Ласково пригревало солнце. Редкие облака, будто подкинутые вверх клочки ваты, медленно плыли с востока на запад. Казалось, кто-то насильно затолкал людей под аркады, притиснул к столбам, к голым монастырским стенам — невозможно было поверить, чтобы они сами себя обрекли на такую давку! Громкий шум их голосов напоминал птичий базар. И все это волнообразно колыхалось, как маковое поле: разноцветные шляпы, платья, светловолосые и темноволосые головы.

У монастырских ворот стоял первый алтарь, перед аптекой — второй. На первом был представлен святой Франтишек, читающий проповедь птицам, на втором — дева Мария над земным шаром, обвитом змеей. Оба изображения были обрамлены еловыми ветками, перед обоими стояли столы из ровно уложенных ящиков, покрытых белоснежными, наглаженными скатертями. На столах мерцали огоньками свечи в до блеска начищенных шандалах. По обе стороны у алтарей в торжественном, суровом карауле стояли гренадеры в медвежьих киверах, примкнув острые, иглоподобные штыки.

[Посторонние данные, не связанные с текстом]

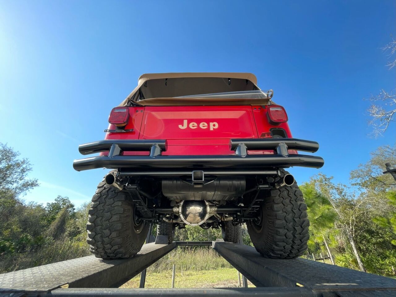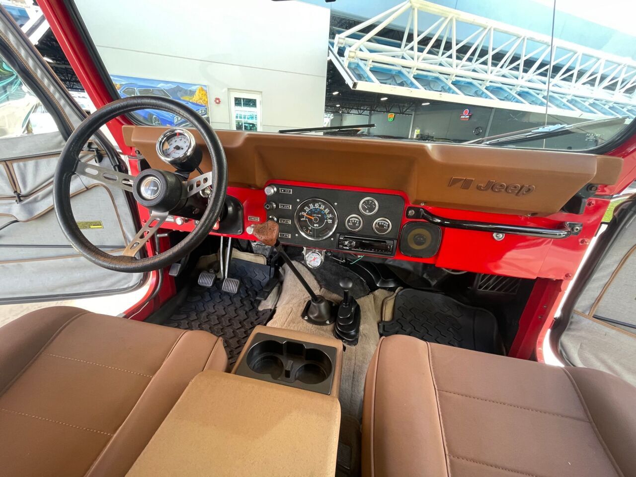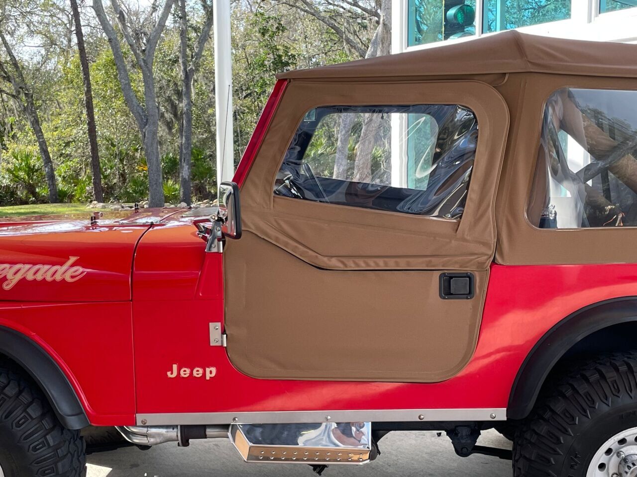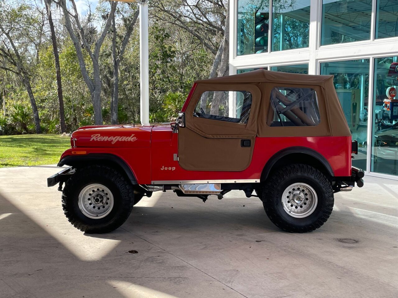 1979 Jeep Renegade CJ Why This Car Is Special The Jeep CJ or aˆoeCivilian Jeepaˆ? is the predecessor to the Jeep Wrangler. They are tough, reliable and incredibly fun. There are more parts available to customize a Jeep and make it your own, than any other vehicle on the planet. The strong V8, fat tires and wheels, 4x4 lifted stance, and restoration makes this rare 1979 Jeep CJ we have here at Skyway Classics quite a nice package. Features 1979 Jeep Renegade Fresh V8 304 engine with Crane Cam Edelbrock chrome open element air cleaner Aluminum Intake Edelbrock valve covers Performance 4-barrel carb Modified distributor electronics system and black spark plug wires 3-speed Straight shift 4x4 Power steering Disc brakes Ceramic coated Headers Rest of the engine and engine compartment looking stock and original Restored interior High-back front seats and matching rear seat and door panels Black sport steering wheel Black weather resistant mats Full Jeep gauges in the restored dash Black passenger grab handle Kenwood stereo radio Cup holder center console Full padded roll cage Floor shifters Complete saddle top including doors. Bright Red paint is nice Renegade callouts on the hood Jeep side emblems Black attributes including the black front and rear bumpers Dual mirrors Black fiberglass fender flares Removable saddle soft-top. Mechanical Under this hood is the Fresh V8 304 engine with Crane Cam with high-performance parts like the Edelbrock chrome open element air cleaner, Aluminum Intake, Edelbrock valve covers, Performance 4-barrel carb, Modified distributor electronics system and black spark plug wires, 4x4, Power steering, Disc brakes, Ceramic coated Headers, and the rest of the engine and engine compartment looking stock and original. The Jeep/AMC 304 cubic-inch V8 engine that was always considered a torque master for crawling muscle off road or on the sand that you want in a Jeep and ours makes a lot more power. That makes for a strong-running Jeep with the manual transmission that lets you take control over the 4x4 transfer case and custom aftermarket wheels and fat black sidewall tires. Interior The restored interior is just as Jeep intended it and very clean, complete, and quite functional with the high-back front seats and matching rear seat and door panels, black sport steering wheel, black weather resistant mats, full Jeep gauges in the restored dash, black passenger grab handle, Kenwood stereo radio, cup holder center console, full padded roll cage that adds strength and security, floor shifters, and covered by a complete saddle top including doors. Exterior Bright Red paint always looks good on a Jeep, and this one is no exception. The paint is nice and is set-off by the Renegade callouts on the hood, Jeep side emblems, black attributes including the black front and rear bumpers, dual mirrors, black fiberglass fender flares, and that removable saddle soft-top. Conclusion Whether you want a daily driver, off-roader, or a beach cruiser, this 1979 Restored Jeep Renegade CJ was built to handle it all, and it does it so well. This is the restored Jeep you will love with the Jeep style and V8 power you don't often get elsewhere. So don't let this one slip away. Call today!!! So give us a call at866-718-9103. Disclaimer Information found on the website is presented as given to us by the owner of the car, whether on consignment or from the owner we bought it from. Some Photos, materials for videos, descriptions and other information are provided by the consignor/seller and is deemed reliable, but Skyway Classics does not warranty or guarantee this information. Skyway Classics is not responsible for information that may incorrect or a publishing error. The decision to purchase should be based solely on the buyers personal inspection of the vehicle or by a professional inspection service prior to offer or purchase being made.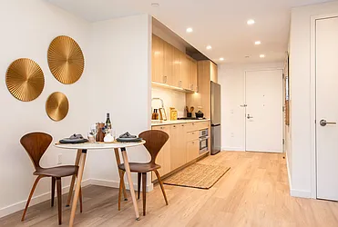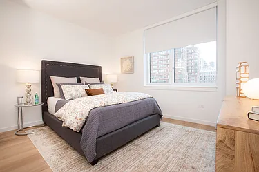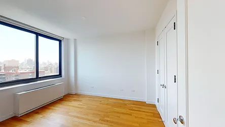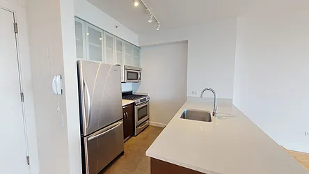 Bright 1 bedroom with open North views. Apartment features a spacious windowed kitchen with stainless steel appliances and stone countertops, wood floors throughout, and ample closet space including a linen closet. The Melar offers modernly elegant apartments and a newly renovated lobby, fitness center and resident lounge with terrace.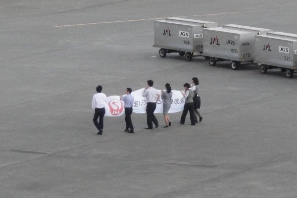 そうやって離陸したり着陸してる飛行機を ( ゜д゜)ボヘー と眺めていると、手前の方で数人の人が横断幕の様な物を持って出てきましたよ。

Все фигурки фонтана извергали воду. Невероятное изобилие воды! Она вырывалась резвой струей из горсти голого мальчика, лилась из бессильного рта усатого водяного, била из горла толстогубых рыб, — фонтан был полон, — просто удивительно, как только вода не переливалась через край. Возле Гусова камня стоял украшенный насос, а на нем — оцепеневший трубочист с блестящими погонами и в белом берете на голове.

Едва только из церковных врат выплыл голубой балдахин, под которым шествовал согбенный под тяжестью золотой ризы священник с солнцеобразной дароносицей в руках, как на противолежащем холме сверкнули медью мортиры, над площадью прокатился их торжественный грохот. Я заметил, как над черной шапкой марианского столба, высоко в небе, разорвалось нечто серое, и хлопья, трепеща, стали опускаться на склоненные лысые головы советников городской управы. Из ворот монастыря затаенно, неслышными шагами, двинулась встречать дароносицу толпа коричневых монахов, подпоясанных белыми веревками. Слышно было, как подошвы их сандалий шаркают по мостовой.

В самом первом ряду шествия, двигавшегося за балдахином, я увидел своего отца. На голове у него был островерхий мохнатый кивер, на груди алел орден, рукою он придерживал эфес шпаги, будто жеманная девица шлейф своего платья. Он был выше долговязого портного Бартоша, державшего одну из церковных хоругвей, выше булочника Кминека с толстым животом и выбеленными мукой руками, выше командира медвежьей гвардии кондитера Прокопа. В груди моей, подобно мыльному пузырю, раздувалась гордость. Мои оттопыренные уши пылали.

Вдруг все это пришло в беспорядочное движение, заклубилось вокруг алтаря со святым Франтишком. Откуда-то из глубины людского водоворота воздвиглись к небу сверкающие золотые трубы и черные палочки кларнетов. Жестяный оркестр заиграл для бога первую серенаду. Зазвенели бубны, хлопнули тарелки. Когда растаял последний звук, наступила тишина.